Martin Vinck - 2013-03-12 15:38:50 +0100

please see the commit in revision 7642

Martin Vinck - 2013-03-12 15:42:05 +0100

sample = double(ts-FirstTimeStamp)/TimeStampPerSample + 1; % no rounding (compare ft_appendspike) begsample = cfg.trl(iTrial,1) - 1/2; endsample = cfg.trl(iTrial,2) + 1/2; sel = find((sample>=begsample) & (sample<endsample)); by using < instead of <= of the endsample, there are 40 timestamps. It's rather arbitrary though that we didn't do sample>begsample instead.

Robert Oostenveld - 2013-03-12 15:42:54 +0100

(In reply to comment #11) What happens if you do a trial with only one sample? If I have a sample that is indicated with time t, then I'd intuitively say that it runs from halfway t-dt towards halfway t+dt. So the sample runs from t-0.5*dt to t+0.5*dt although I'd indicate it with the single number "t". That is different in age: the mean age of a "zero-year old baby" is 6 months, but we still say "0 years" and not "0.5 years". But with a lot of other things you would take the middle.

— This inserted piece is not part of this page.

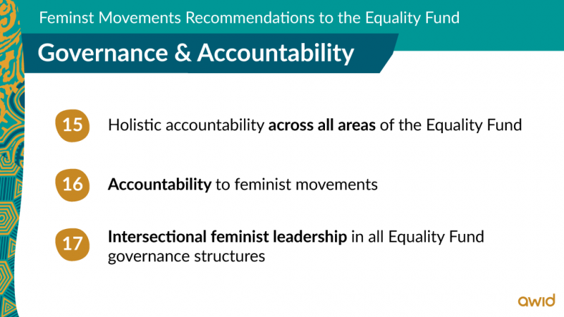 • Ensure intersectional feminist leadership in all Equality Fund governance structures

Martin Vinck - 2013-03-12 15:46:37 +0100

(In reply to comment #14) I agree, but that fits with the just committed implementation, correct? In the current implementation, if we would have cfg.trl = [1 1 0; 2 2 0] we would not be duplicating any spikes, by using < instead of <= Looking at ft_appendspike, it can happen there that spikes are actually duplicated, as it is doing a round operation and then testing with >= and <=

Robert Oostenveld - 2013-03-12 15:47:42 +0100

sounds good. So now we can move on to trying to replicate the actual bug (which I saw on screen, but don't have the full details for).

Martin Vinck - 2013-03-12 15:49:53 +0100

(In reply to comment #16) Was that a bug then? If your trials are overlapping, spikes are duplicated. That's not a bug, but just how the function should behave.

Robert Oostenveld - 2013-03-12 15:56:48 +0100

(In reply to comment #17) they seemed not to be duplicated in the time domain, but were in the frequency domain. So after ft_spiketriggeredspectrum there were more spikes represented in the structure than before. That suggests that there is a for loop like for each trial for each spike in the trial ... end end which does the same spike twice if it is in the overlap region. But since I don't have the data structure that the participant has< I cannot give more details.

Martin Vinck - 2013-03-12 16:02:43 +0100

(In reply to comment #18) I'll check the code and will try to duplicate. Was it with the mtmfft or mtmconvol implementation?

Robert Oostenveld - 2013-03-12 16:04:34 +0100

(In reply to comment #19) don't know. I suggest yo check both. That is also the purpose of the test script, which also allows us to check in the future.